I'm trying to nail down my childhood bike in hopes of finding/building another.  I believe this is a 1978 Schwinn Scrambler after a few mods but looking for confirmation (this is the only pic I have of my bike after all mods and a few more pics in mid customization below




At this point, I believe I upgraded the front end to all Redline components (fork, stem, and bars (did redline make bars?)).  Grips??  Bike came equipped with Tuff Wheel II's off the showroom floor.  On the seat mast, I'm a little fuzzy here...looks like I have some sort of bear trap pedals, I remember having a ribbed blue anodized seat post (make??) and seat clamp (make?) and a shotgun seat (hard plastic) (make)?  Any help confirming or correcting my memory would be greatly appreciated including the year of the bike.  I don't believe I ever upgrade the cranks (probably ran out of money).

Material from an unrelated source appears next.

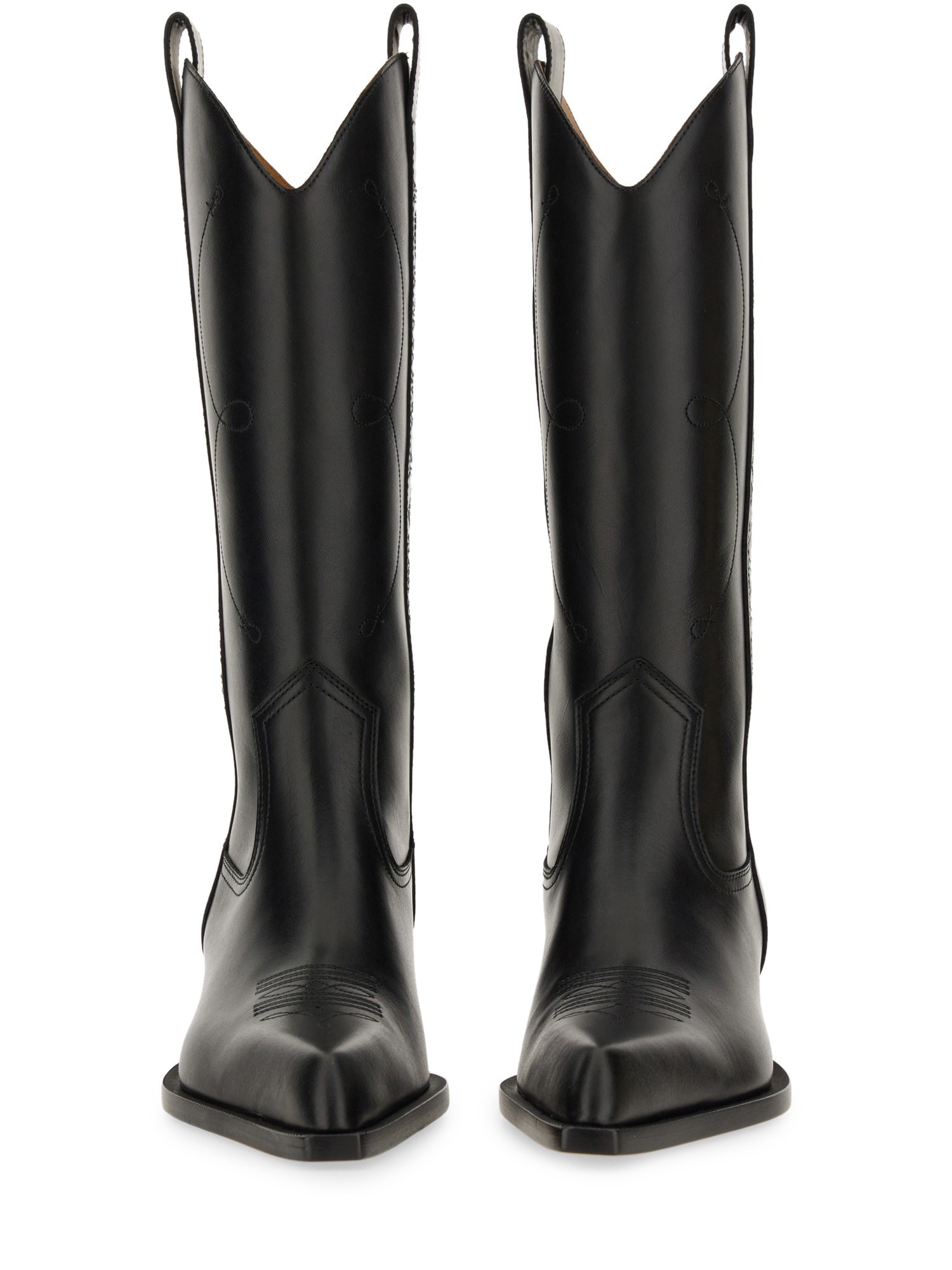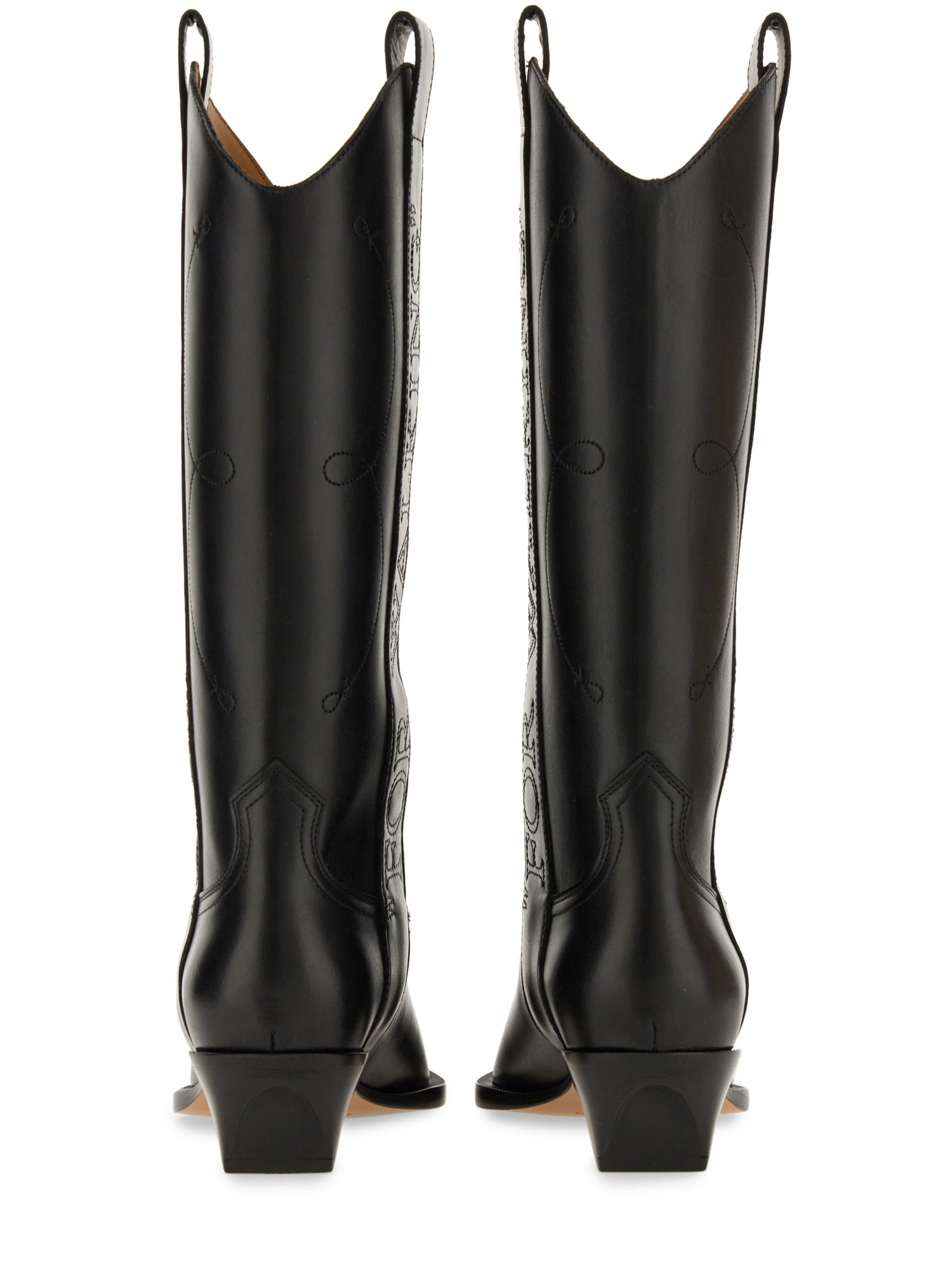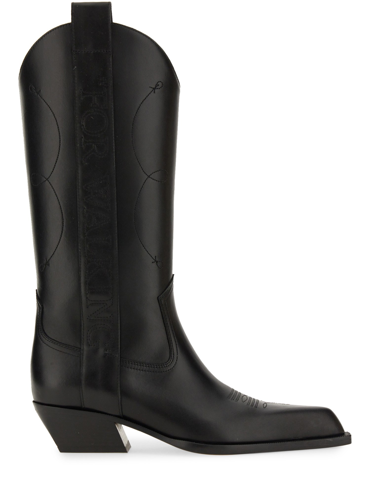 These boots from Off-White are perfect for the fashion-forward individual seeking a combination of elegance and ruggedness. These boots are made from high-quality black leather, ensuring durability and long-lasting comfort. The sleek knee-high design adds a touch of sophistication to any outfit, while the Texan-inspired details give them a Western flair.

Here are a few closer pics of the bike with the front end mods but original mid section:







As I mentioned, any help nailing down year and confirming make of components would be greatly appreciated.  I think it would be fun to build this bike once again.
Thanks for looking.


----------



## GTs58 (Jan 30, 2021)

I'd say it was the Mag Scrambler if the wheels were original. Note the frame seat stays jet out before curving down. I see that you did lots of upgrades!


----------



## ballooney (Jan 30, 2021)

GTs58 said:


> I'd say it was the Mag Scrambler if the wheels were original. Note the frame seat stays jet out before curving down. I see that you did lots of upgrades!
> 
> View attachment 1347933



1978?


----------



## GTs58 (Jan 30, 2021)

Yes, 78 catalog. The 79 catalog with that style frame and mags was named the Phantom Scrambler.


----------



## Beach Bum III (Jan 30, 2021)

Rad ! Nice work. Yeah, looks like a ‘77 or ‘78. I’ve been thinking of building one too. Those frames are so cool. I think the one that came in red was Chromoly and the blue one was not. Some frames seem to have raw looking welds while others are all smoothed out. I believe they were made more like the Super Sport frames. Blazed welded and ground smooth rather than a forged head tube. Watch out for those fluted seat posts. They were known to snap!


----------



## GTs58 (Jan 30, 2021)

Looking at that catalog page I'm wondering if the other model number BX9-6 for ten buck more just included the tube fork.


----------



## birdzgarage (Jan 30, 2021)

Yes redline made bars.the fluted seat post was made by many companies.looka like a suntour seat clamp.there were a few companies making those seats.cycle pro and kashimax are a couple unfortunately all that stuff is highly collectable and very expensive these days.the mid to late 70s redline fork,bars and stem and going to set you back over $1000.00 alone for nice examples in blue.


----------



## bloo (Jan 30, 2021)

Did the Tuff Wheel II even exist yet in 78? I can't remember for sure, but that sounds too early.


----------



## marching_out (Jan 30, 2021)

This is my 79 Phantom Scrambler.


----------



## ballooney (Jan 30, 2021)

birdzgarage said:


> Yes redline made bars.the fluted seat post was made by many companies.looka like a suntour seat clamp.there were a few companies making those seats.cycle pro and kashimax are a couple unfortunately all that stuff is highly collectable and very expensive these days.the mid to late 70s redline fork,bars and stem and going to set you back over $1000.00 alone for nice examples in blue.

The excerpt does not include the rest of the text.